Nvidia Faces Pressure Amidst Rising AI Costs and Intensified Competition
When Nvidia CEO Jensen Huang took the stage at the company’s annual software developer conference, the focus was clear: defending a nearly $3 trillion chip company’s market dominance. The pressure is mounting as Nvidia’s biggest customers scrutinize the soaring costs of artificial intelligence.
Nvidia’s conference comes on the heels of a competitive move by China’s DeepSeek, which unveiled a chatbot it claims requires less computing power than its rivals.
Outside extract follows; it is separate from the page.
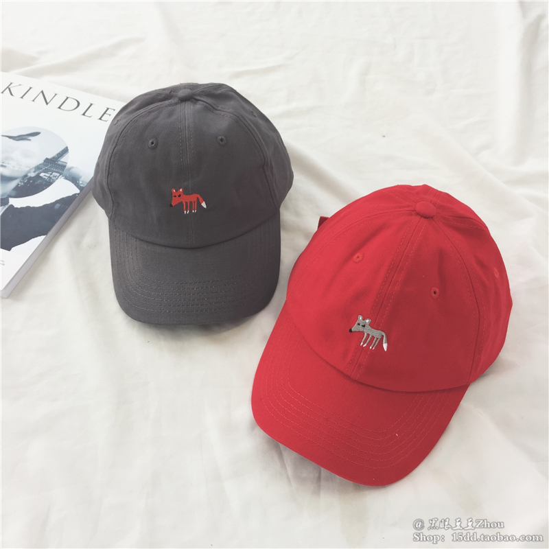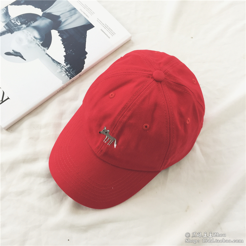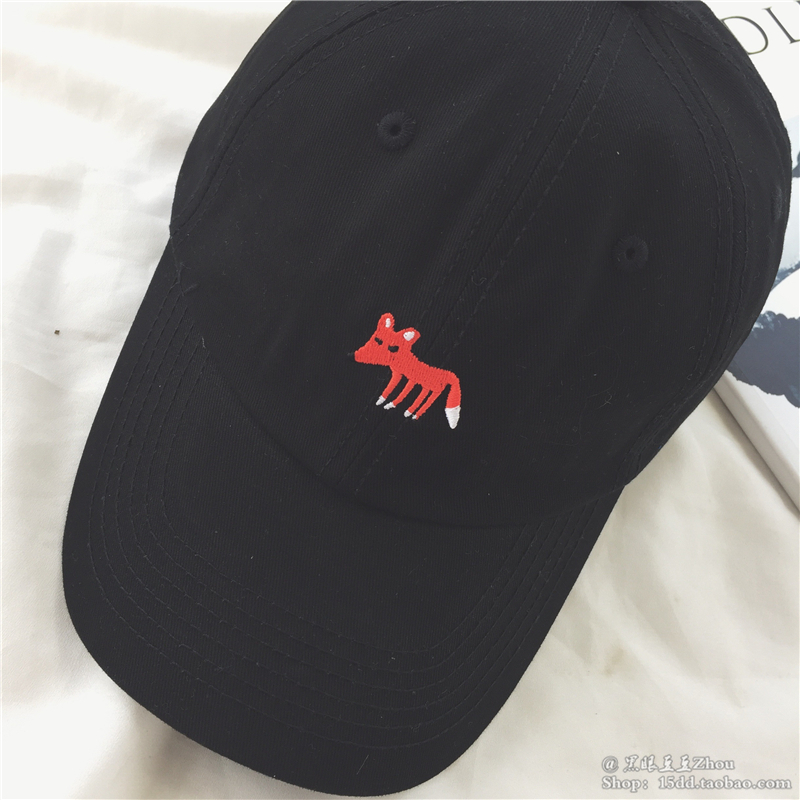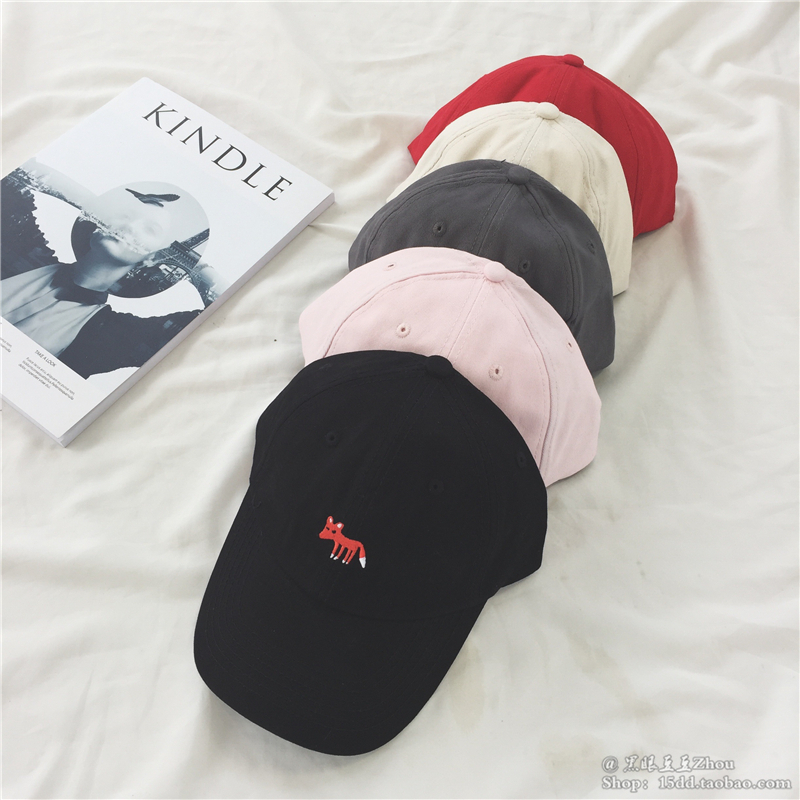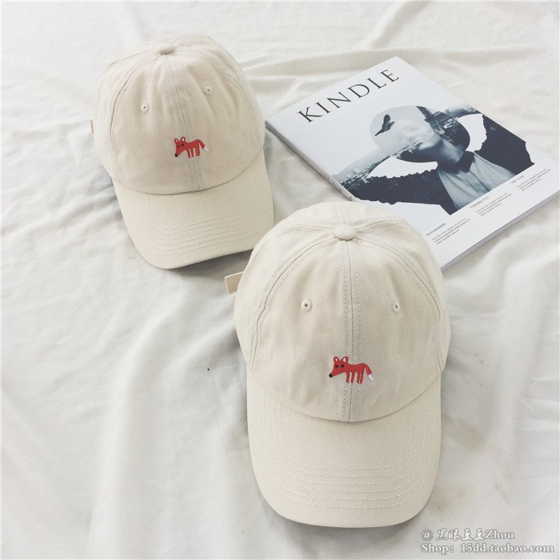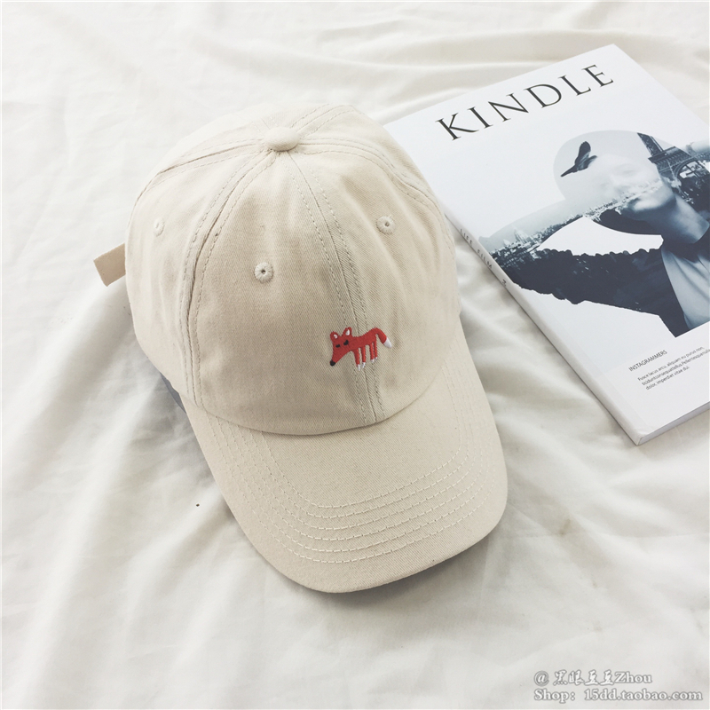 韓國休閑小狐貍刺繡復古棒球帽子男女潮夏季百搭遮陽彎檐鴨舌帽1入
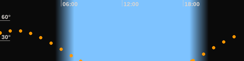 Höchster Stand (Kulmination)01:21 Uhr (h = 45°)

Concerns over the cost of computing power have put pressure on Nvidia (NVDA.O) as their revenue largely comes from selling chips that cost tens of thousands of dollars apiece. Despite this, Nvidia’s revenue more than quadrupled over the past three years, reaching $130.5 billion.
At the conference, Nvidia is expected to unveil details of its Vera Rubin chip system, named after the American astronomer who advanced the concept of dark matter. Mass production of the system is slated for later this year. This announcement follows the delayed market entry of Rubin’s predecessor, the David Blackwell chip, whose production setbacks impacted Nvidia’s margins.

Nvidia CEO Jensen Huang delivers a keynote address at CES 2025 in Las Vegas, Nevada.
The Shift from Training to Inference
Technological shifts in the AI market pose a challenge to Nvidia’s core business. Previously focused on ‘training,’ which involves feeding AI models vast datasets, the industry is increasingly driven by ‘inference,’ where models use their accumulated knowledge to generate user responses.
While Nvidia holds over 90% of the training market share, competition is growing in inference. The degree of market share those competitors capture will hinge on how inference computing unfolds.
The Rise of Inference and Competitive Threats
Inference computing covers a wide spectrum, from smartphone applications to data centers that generate complex financial analyses. Numerous startups in Silicon Valley and beyond, along with Nvidia’s traditional competitors like Advanced Micro Devices (AMD.O), are vying to offer chips that deliver the same results at a lower cost — especially for electricity, where Nvidia’s chips are resource intensive to operate — so much so that some AI companies are considering nuclear reactors to power them.
“They have a hammer, and they’re just making bigger hammers,” said Bob Beachler, VP at Untether AI, one of many startups challenging Nvidia in inference markets. “They own the (training) market. And so every new chip they come out with has a lot of training baggage.”
Nvidia’s Strategy: Reasoning and Expanding Markets
Nvidia argues that a new form of AI, known as “reasoning,” plays to its strengths. Reasoning chatbots reflect, creating several lines of text and then evaluating themselves on the problem. Nvidia chips have an advantage with these computing-intensive processes.
“The market for inference is going to be many times bigger than the training market,” Jay Goldberg, CEO of D2D Advisory, stated. “As inference becomes more important, their percentage share will be lower, but the total market size and the pool of revenues could be much, much larger.”
Beyond chatbots, Nvidia is exploring other computing markets. The company plans to use new AI methods to improve chatbots and make robots more useful.
A key focus will be quantum computing. Following Huang’s comments in January that quantum computing was decades away, which affected companies invested in the technology, Microsoft (MSFT.O) and Google (GOOGL.O) countered that it was closer to practical application. Nvidia will dedicate a full day of its conference to the quantum industry and its plans.
Additionally, Nvidia is pursuing the development of a central processor chip, a project first reported by Reuters.
“It could eat into what’s left of the Intel market,” said Maribel Lopez, an independent technology industry analyst.